--- Assigned task ---
Your task is to repeat the entries underneath exactly, minus the pictures.
═══
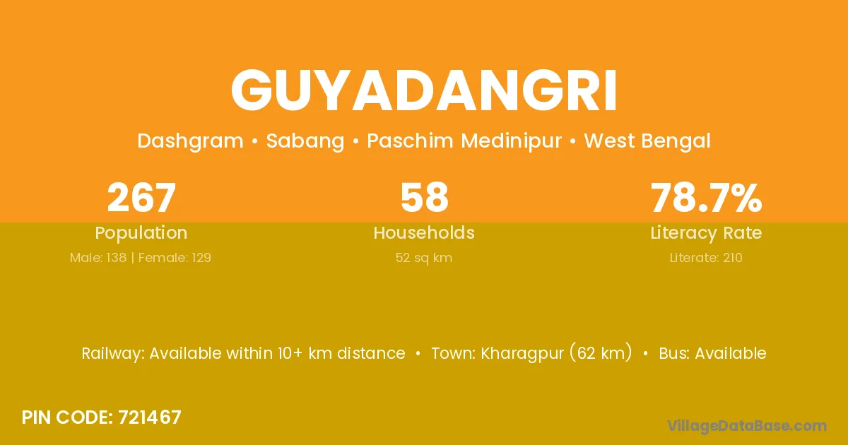 According to Census 2011 information, the village code of Guyadangri village is 721467.
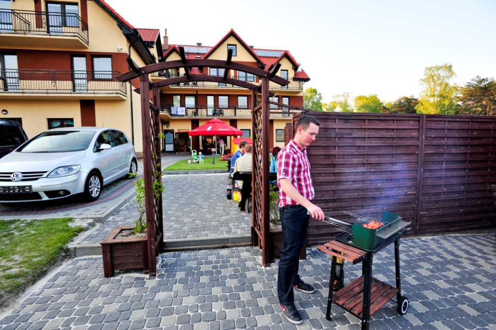 Duża (3000m kw.), słoneczna, zadbana, ukwiecona posesja Rejsu, zachęca do relaksu na świeżym powietrzu. Dla dzieci przygotowaliśmy plac zabaw z piaskownicą pełną morskiego piasku, jak również zjeżdżalnię i bujaki. Dla dorosłych zaś zapewniony został kącik do grillowania. Teren obiektu jest ogrodzony, z możliwością bezpłatnego parkowania wewnątrz posesji. Budynek jest wyposażony w windę
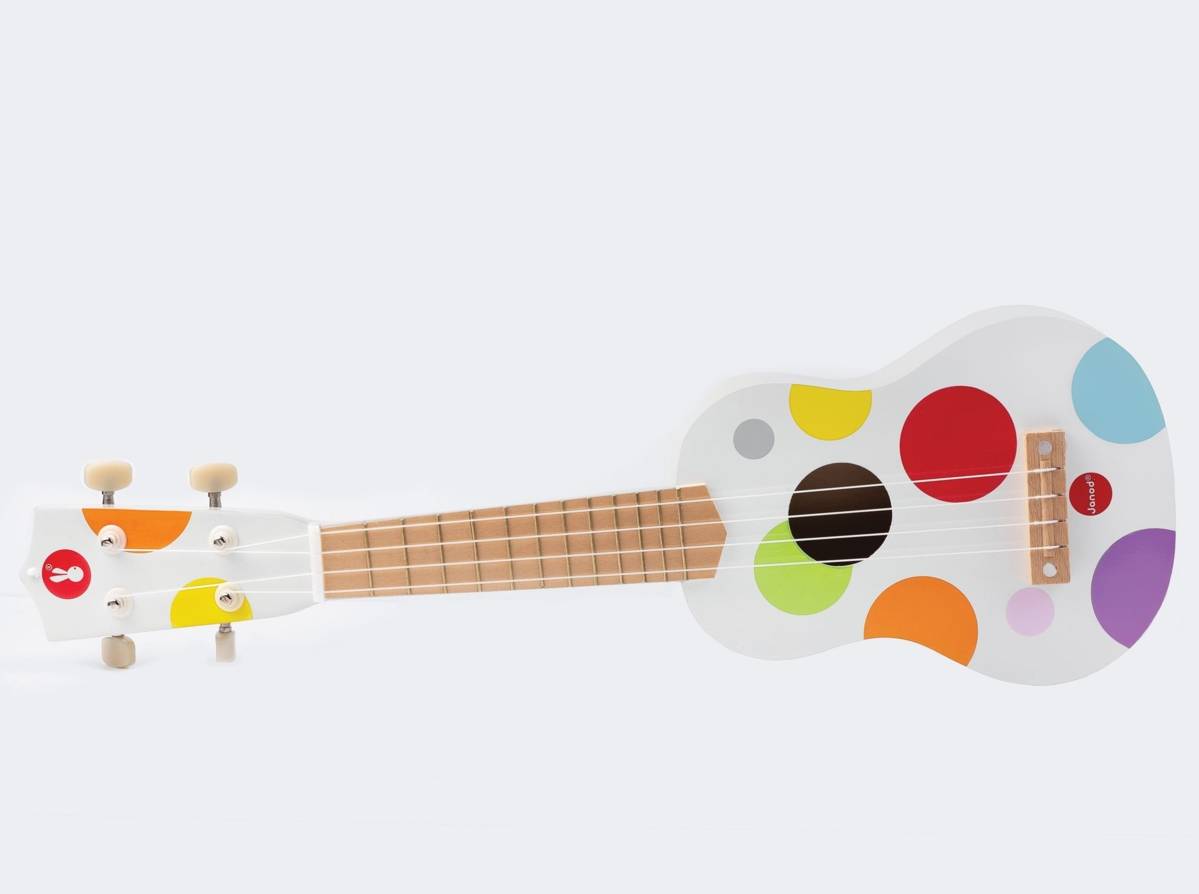 - Ce produit de la collection Confetti de Janod se trouve parmi les «jeux d’imitation» sur le site web du fabricant. La collection propose d’autres instruments reprenant les mêmes motifs.
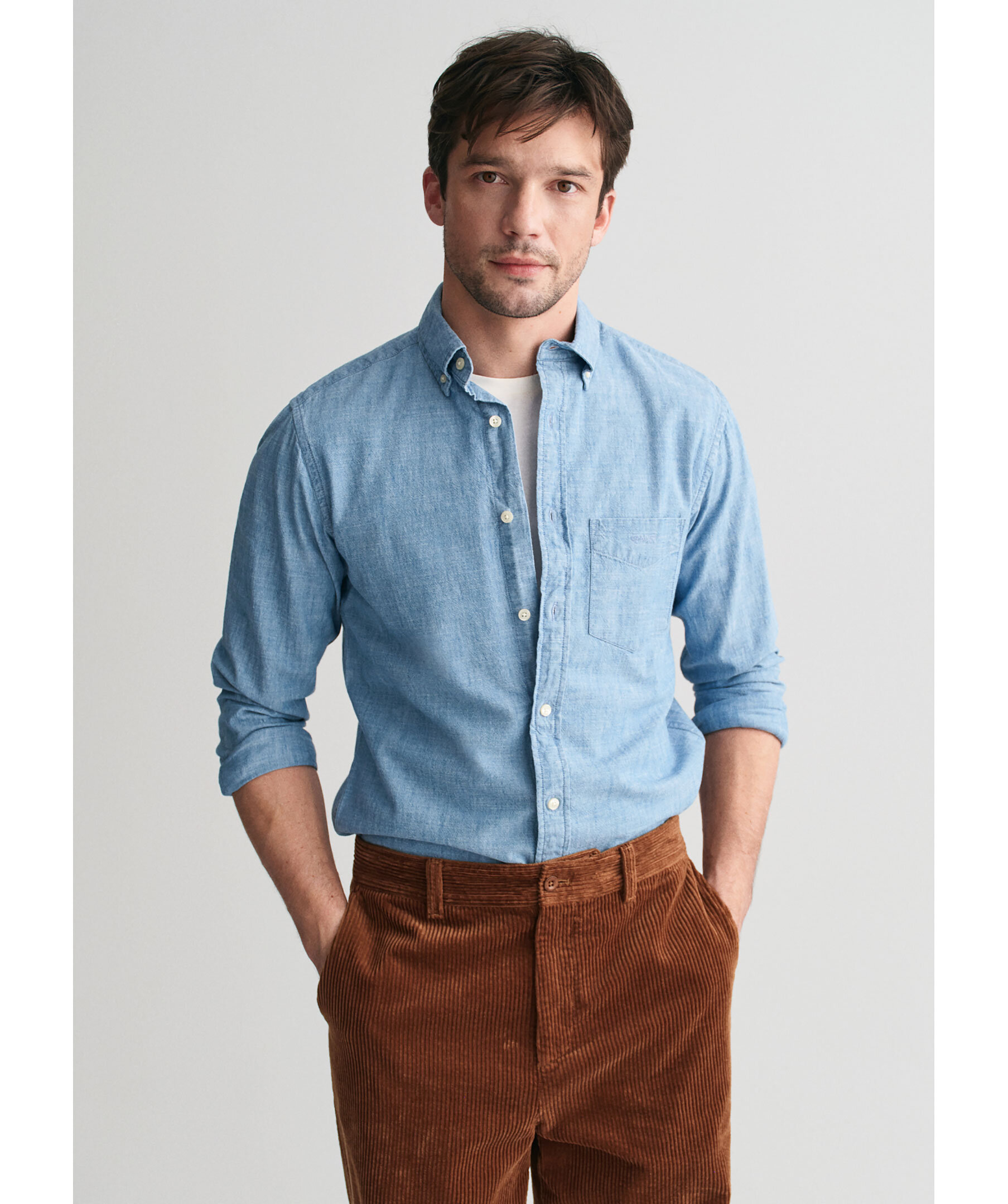 Ljusblå jeansskjorta från Gant. Skjortan har button-down krage, justerbara manchetter, rundad fåll, boxpleat med locker loop i ryggen samt broderad logotyp på bröstfickan. Tillverkad i bomull.
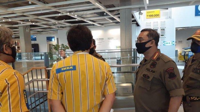 Petugas didampingi pihak manajemen saat melakukan pemeriksaan di pusat perbelanjaan tersebut. Mereka mengecek aktivitas di lantai dasar hingga atas gedung IKEA.
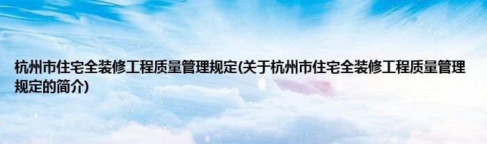 本文关于杭州市住宅全装修工程质量管理规定的简介就讲解完毕,希望对大家有所帮助。
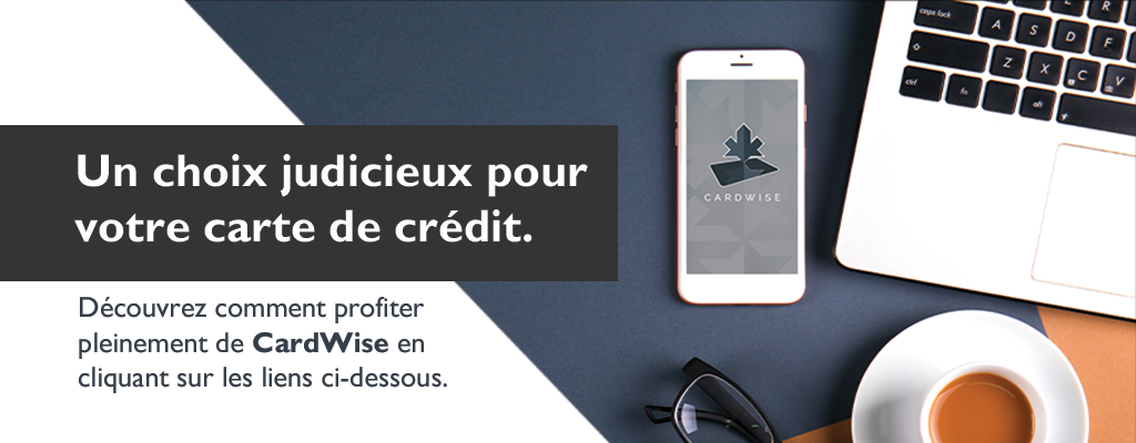CardWise est l'outil de gestion de compte numérique qui vous permet de gérer votre carte de crédit émise par Collabria à tout moment, n'importe où. Si vous êtes titulaire d'une carte personnelle ou d'une carte d'entreprise sur une structure de paiement individuelle, vous pouvez vous inscrire à CardWise et profiter de toutes ses fonctionnalités et de tous ses avantages sur cardwiseonline.ça ou sur l'application CardWise Mobile. Si vous êtes titulaire d'une carte d'entreprise Structure de paye consolidée, veuillez cliquer ici pour découvrir les solutions numériques de gestion de compte dont vous pouvez bénéficier.
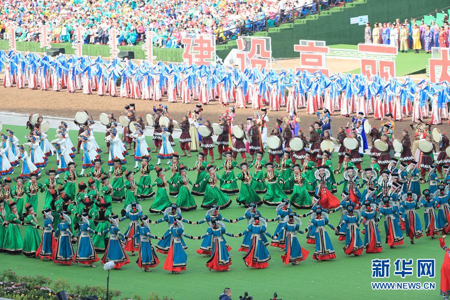 8月8日,內蒙古自治區成立70周年慶祝大會在呼和塔拉內蒙古少數民族群眾文化體育運動中心舉行。圖為群眾行進表演。新華網記者 陳杰 攝
═══
--- Result of this exercise ---
 According to Census 2011 information, the village code of Guyadangri village is 721467.
 Duża (3000m kw.), słoneczna, zadbana, ukwiecona posesja Rejsu, zachęca do relaksu na świeżym powietrzu. Dla dzieci przygotowaliśmy plac zabaw z piaskownicą pełną morskiego piasku, jak również zjeżdżalnię i bujaki. Dla dorosłych zaś zapewniony został kącik do grillowania. Teren obiektu jest ogrodzony, z możliwością bezpłatnego parkowania wewnątrz posesji. Budynek jest wyposażony w windę
 - Ce produit de la collection Confetti de Janod se trouve parmi les «jeux d’imitation» sur le site web du fabricant. La collection propose d’autres instruments reprenant les mêmes motifs.
 Ljusblå jeansskjorta från Gant. Skjortan har button-down krage, justerbara manchetter, rundad fåll, boxpleat med locker loop i ryggen samt broderad logotyp på bröstfickan. Tillverkad i bomull.
 Petugas didampingi pihak manajemen saat melakukan pemeriksaan di pusat perbelanjaan tersebut. Mereka mengecek aktivitas di lantai dasar hingga atas gedung IKEA.
 本文关于杭州市住宅全装修工程质量管理规定的简介就讲解完毕,希望对大家有所帮助。
CardWise est l'outil de gestion de compte numérique qui vous permet de gérer votre carte de crédit émise par Collabria à tout moment, n'importe où. Si vous êtes titulaire d'une carte personnelle ou d'une carte d'entreprise sur une structure de paiement individuelle, vous pouvez vous inscrire à CardWise et profiter de toutes ses fonctionnalités et de tous ses avantages sur cardwiseonline.ça ou sur l'application CardWise Mobile. Si vous êtes titulaire d'une carte d'entreprise Structure de paye consolidée, veuillez cliquer ici pour découvrir les solutions numériques de gestion de compte dont vous pouvez bénéficier.
 8月8日,內蒙古自治區成立70周年慶祝大會在呼和塔拉內蒙古少數民族群眾文化體育運動中心舉行。圖為群眾行進表演。新華網記者 陳杰 攝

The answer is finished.